The model is y = mx + c. The parameters are reinitialized during every resumption, which is probably bad.

New main function:

def main():
    # set up our data
    N = 10  # number of data points
    sigma = 1.  # standard deviation of noise
    x = np.linspace(0., 9., N)

    mtrue = 0.4  # true gradient
    ctrue = 3.  # true y-intercept

    truemodel = my_model([mtrue, ctrue], x)

    # make data
    np.random.seed(
        716742)  # set random seed, so the data is reproducible each time
    data = sigma * np.random.randn(N) + truemodel

    ndraws = 100  # number of draws from the distribution
    nburn = 10  # number of "burn-in points" (which we'll discard)
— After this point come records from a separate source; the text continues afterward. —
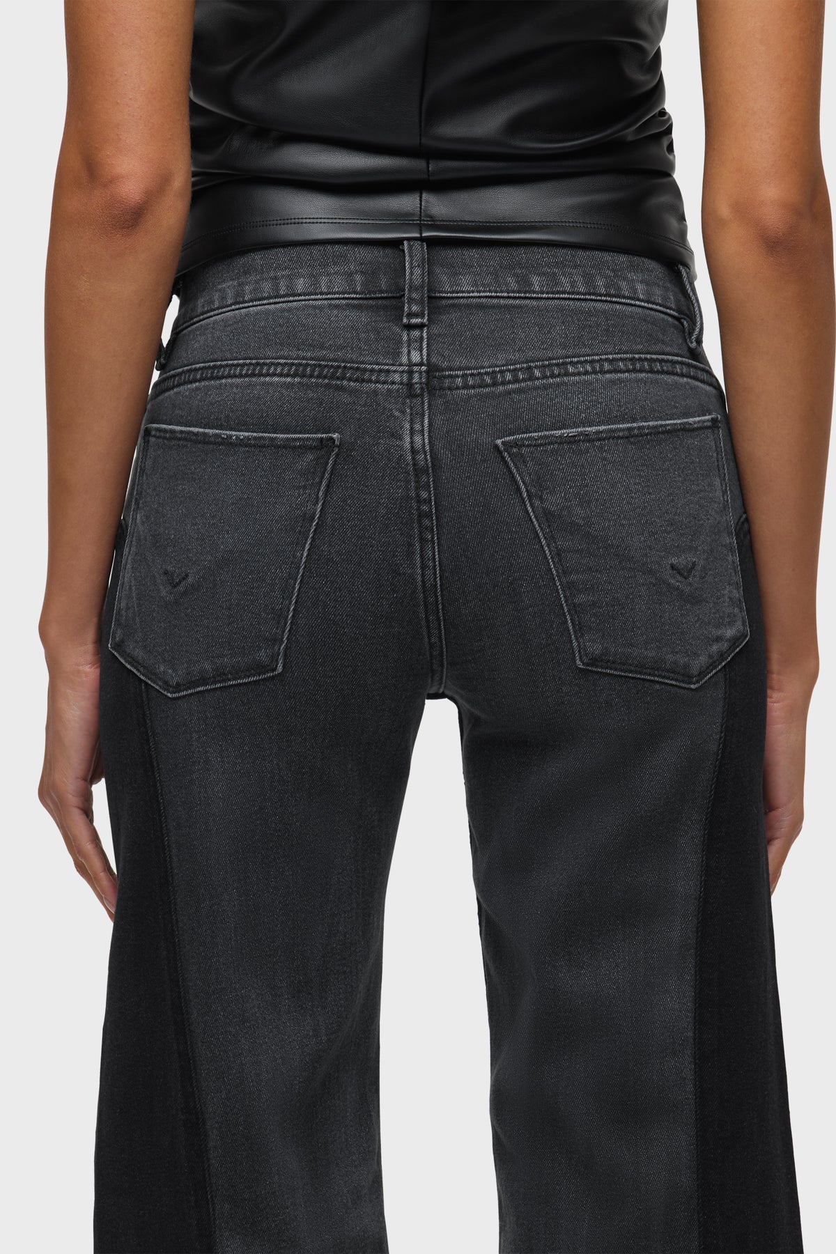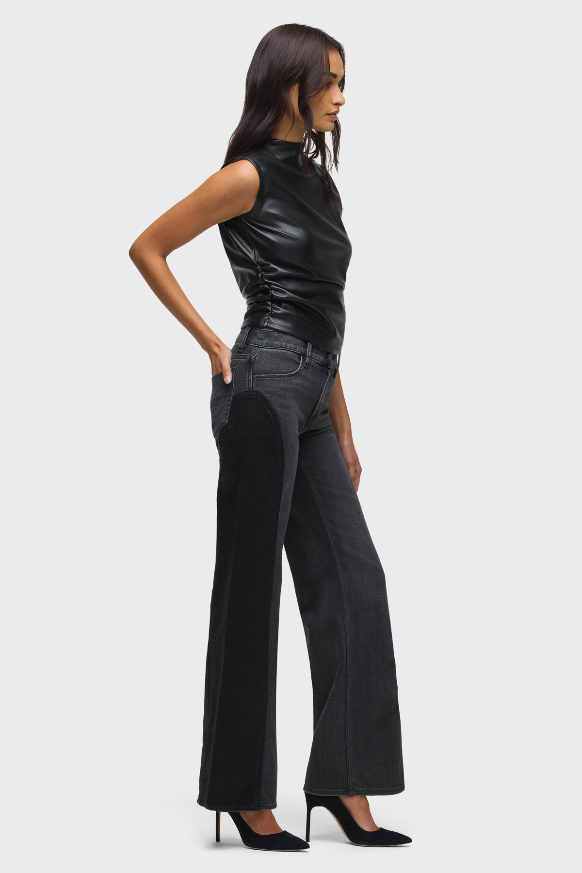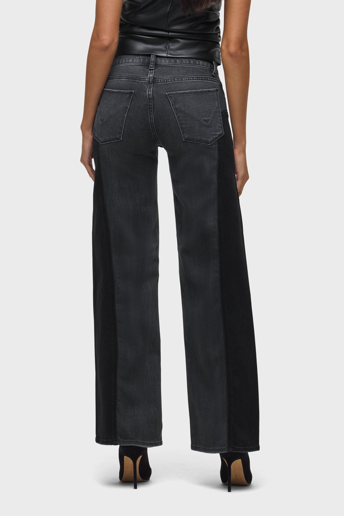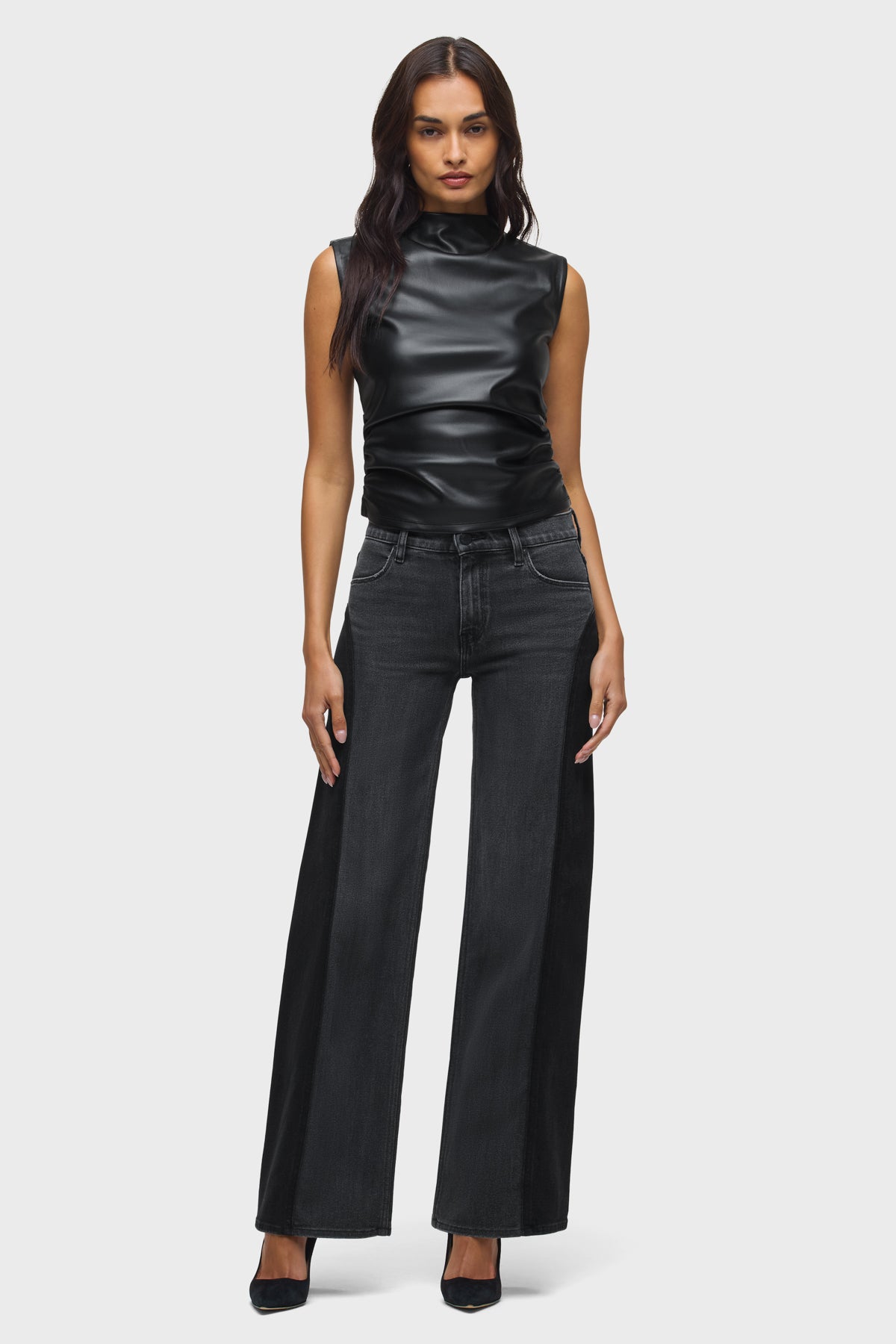 - The Lexi Seamed Wide Leg Jean in Double Side features a washed black body with a contrasting clean black side inset. These jeans are made of comfort stretch black denim with a clean finished hem.
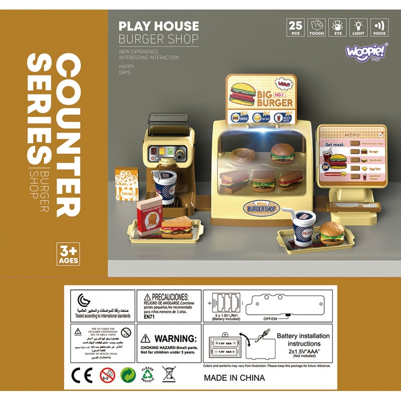 De Mini Burger Shop "BIG BURGER" van WOOPIE is een geweldig speelpakket voor kleine chef-koks en verkopers in de dop! Kinderen kunnen klanten bedienen aan de verlichte toonbank, gerechten samenstellen en bestellingen opnemen alsof ze in een echt fastfoodrestaurant werken.
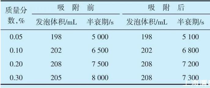 配制質(zhì)量分?jǐn)?shù)為0.05%,0.10%,0.20%和0.30%的磺基甜菜堿泡沫劑,再分別充入純度為99.9%的氮?dú)猓昧_氏泡沫儀測試氮?dú)馀菽w系吸附前后的泡沫性能。評價結(jié)果(表1)表明,當(dāng)溫度為80℃時,不同質(zhì)量分?jǐn)?shù)的氮?dú)馀菽w系在吸附前后發(fā)泡體積均保持在200 mL左右,半衰期大于5 000 s,表明均具有良好的起泡性能和穩(wěn)定性能。
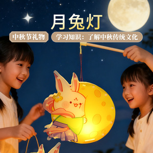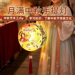 中秋节木质彩印手工灯笼制作diy材料包木质手提儿童益智玩具礼物

    # use PyMC3 to sampler from log-likelihood
    trace = None
    for i in range(5):
        # create our Op
        logl = LogLikeWithGrad(my_loglike, data + i, x, sigma)
        with pm.Model() as opmodel:
            m = pm.Uniform('m', lower=-10., upper=10.)
            c = pm.Uniform('c', lower=-10., upper=10.)
            theta = tt.as_tensor_variable([m, c])
            pm.DensityDist('likelihood', lambda v: logl(v),
                           observed={'v': theta})
            trace = pm.sample(ndraws, tune=nburn,
                              discard_tuned_samples=True, trace=trace,
                              start=None)

    # plot the traces
    print("trace_len", len(trace))
    _ = pm.traceplot(trace, lines={'m': mtrue, 'c': ctrue})

    # put the chains in an array (for later!)
    samples_pymc3_2 = np.vstack((trace['m'], trace['c'])).T
    plt.show()